É o próprio Jesus quem reconcilia o homem com Deus e isto está bem claro nesta passagem. Todavia, Ele voltaria ao Pai e sabendo da necessidade de seu rebanho, delegou o serviço da reconciliação aos seus Apóstolos.

“Disse-lhes outra vez: “A paz esteja convosco! Como o Pai me enviou, assim também eu vos envio a vós”. (Jo 20, 21)

Como o Pai enviou Jesus ao mundo? Com qual motivação? Reaproximar, reatar, reconciliar o mundo com Seu Amor Misericordioso! Não é lindo? Esta mesma missão, Jesus estende aos Seus Apóstolos.

“Depois dessas palavras, soprou sobre eles dizendo-lhes: “Recebei o Espírito Santo. Àqueles a quem perdoardes os pecados, lhes serão perdoados; àqueles a quem os retiverdes, lhes serão retidos”. (Jo 20, 22-23)

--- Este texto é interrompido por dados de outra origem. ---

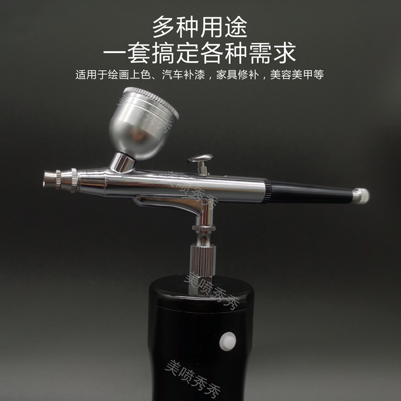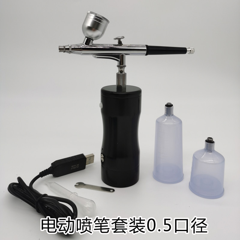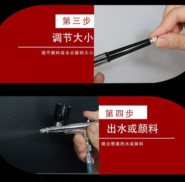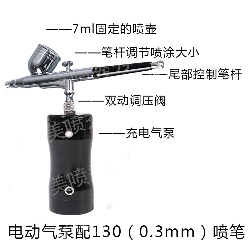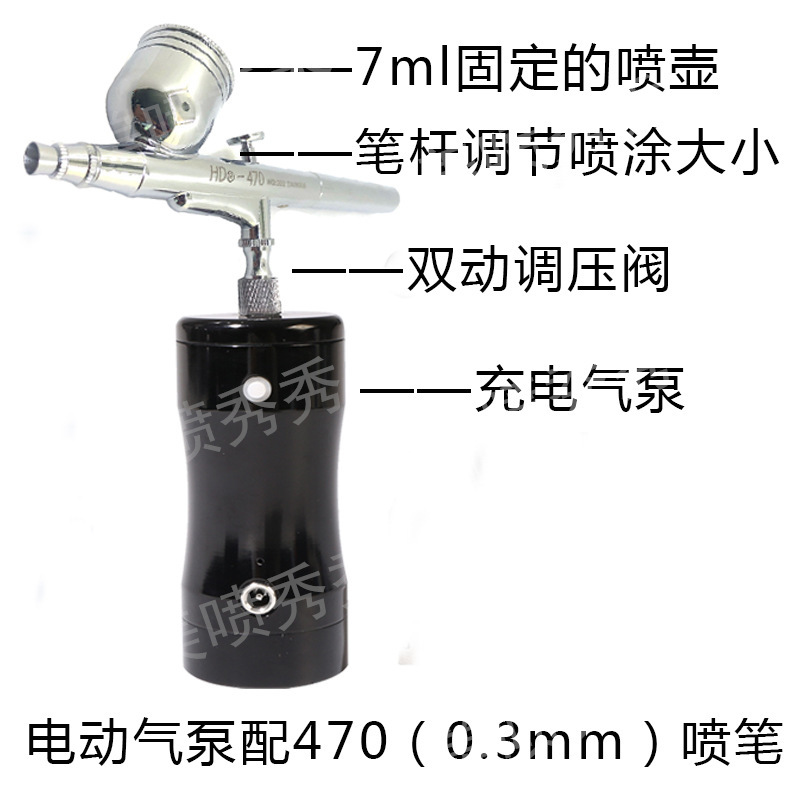 提示:手持部分的气泵是电子产品不能用水清洗、泡水或进水,否则将影响气泵正常工作使用,不支持售后服务的。上半部分喷笔可以旋下来浸泡或清洗残留的颜料。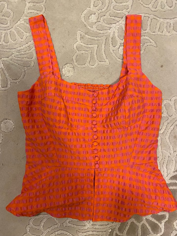 Düğmeli ön kısmı ve parlak pembe batik deseni olan, askılı, vücuda oturan midi uzunlukta tekstil kumaştan büstiyer. Bedeni L ancak 36 bedene uygun, kalibi dar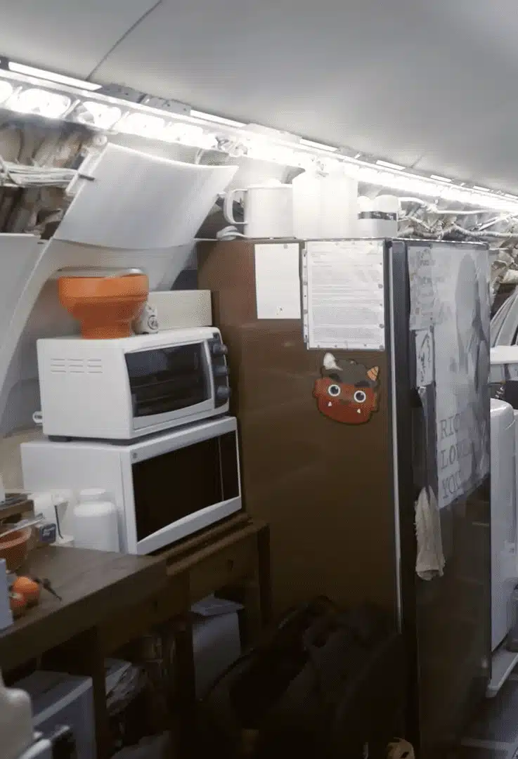 Demorou dois anos e aproximadamente $ 15.000 para transformar o avião. O engenheiro eletricista acrescentou um chuveiro improvisado, pia temporária, máquina de lavar portátil, geladeira e carrinho de serviço de alimentação de outro avião que serve como despensa.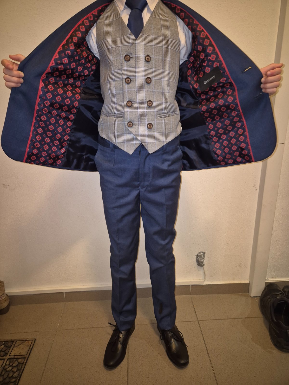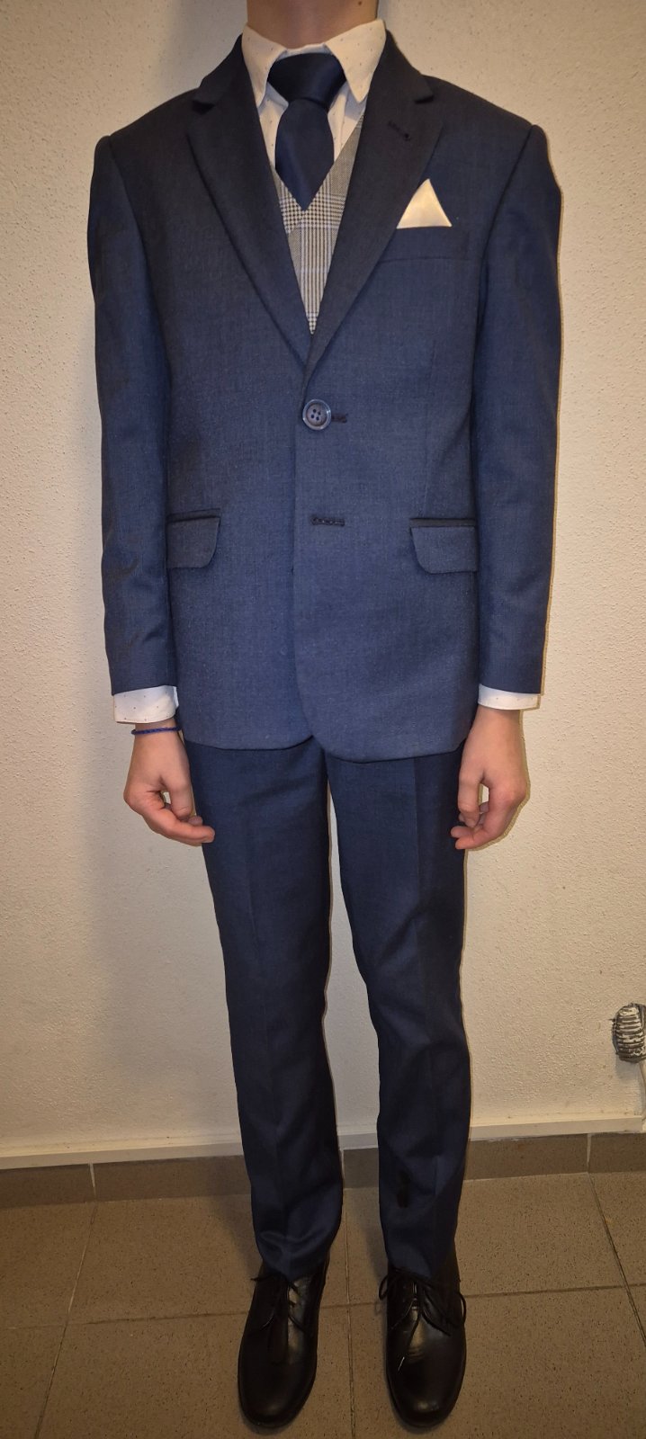 Ponúkam na predaj tento krásny komplet oblek oblečený jedine na prvom svätom prijímaní. Hneď sme z neho vyrástli. Je v tom sako, nohavice s gumičkou na páse, košeľa dlhý rukáv, vesticka, kravata, vreckovka do saka a kožené topánky číslo 33. Všetko pofotene. Je to veľkosť 128 ake my sme ju mali keď mal 8 takže skôr na staršieho ako je normálne veľkosť 128.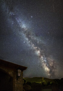 Il nuraghe Goni si trova a circa 1 km di distanza dal paese omonimo ed è raggiungibile imboccando una stradina in salita che si trova poco prima dell’ingresso al centro abitato. Lasciata la macchina in una piazzola si prosegue a piedi per circa 300 m lungo un sentiero lastricato in salita. La serata di ieri è stata divertente e ricca di compagnia: dai cani pastore che hanno accompagnato la salita al nuraghe, alle decine di asinelli e capre presenti attorno al nuraghe, per finire con l’incontro con il proprietario degli animali allarmato dalle nostre pile. L’arco della via lattea, chiara ed imponente come non mai, incastonava perfettamente il nuraghe in un virtuale simposio di epoche che furono. Non ho potuto far a meno di pensare che entrambi in effetti erano li in quel momento ma rappresentavano l’eco di luci e civiltà provenienti da migliaia di anni prima: in un certo modo quel posto, in quel momento, era un’ autentica porta temporale con il passato.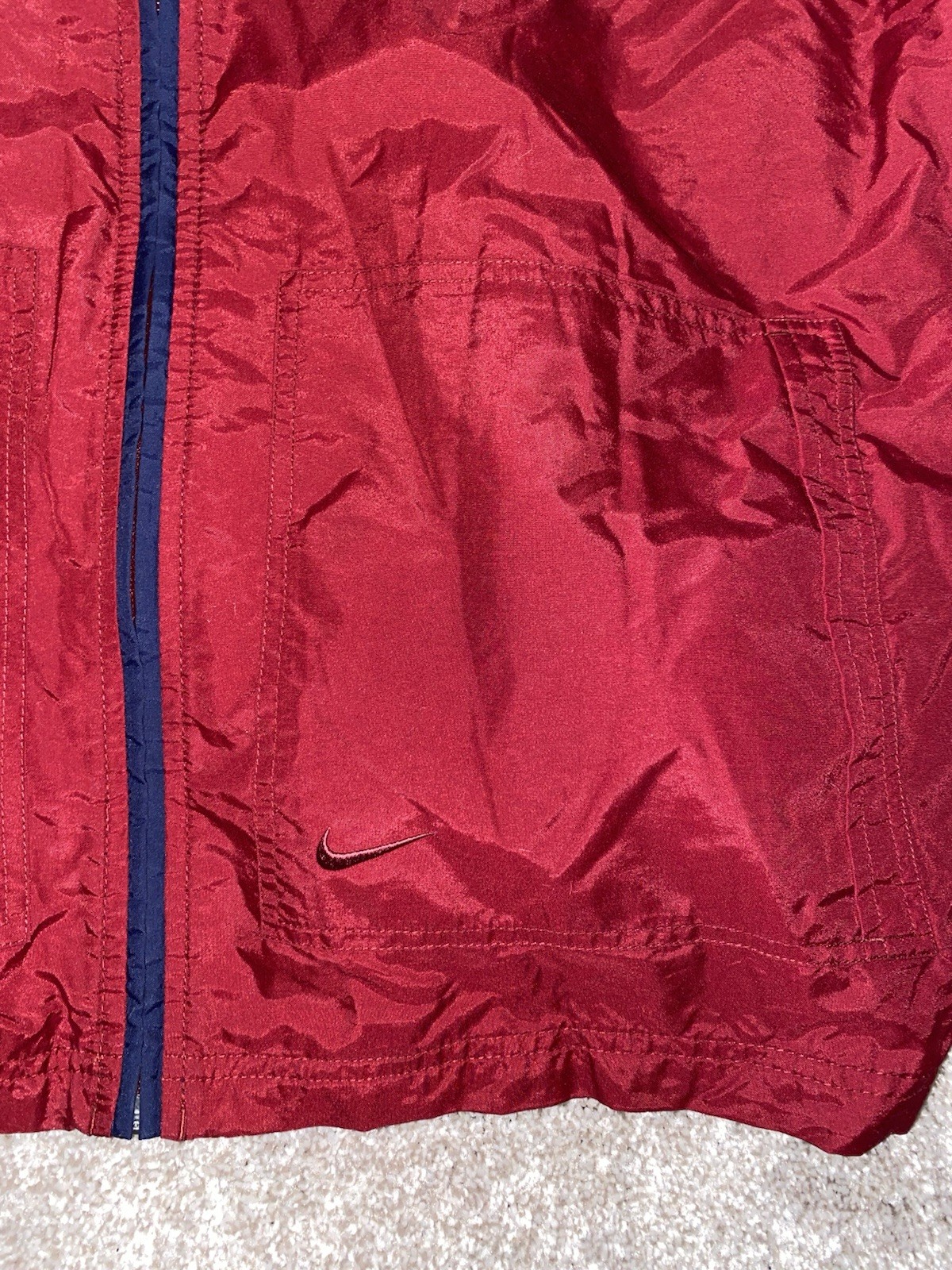 VTG Nike Gray Tag Track Jacket Zipper Pockets Mens M Swoosh Nylon Blend Red/Blue

Jesus faz este gesto quase como uma forma de selar as palavras que anteriormente ele havia dito “como o Pai me enviou também eu vos envio a vós”.

Ele sabia que as pessoas continuariam a procurar os discípulos atrás de reconciliação, atrás de uma experiência com o Amor de Deus e, não há experiência com Jesus sem o perdão dos pecados. Não há! E é somente dentro da Igreja que o sacramento tem sentido.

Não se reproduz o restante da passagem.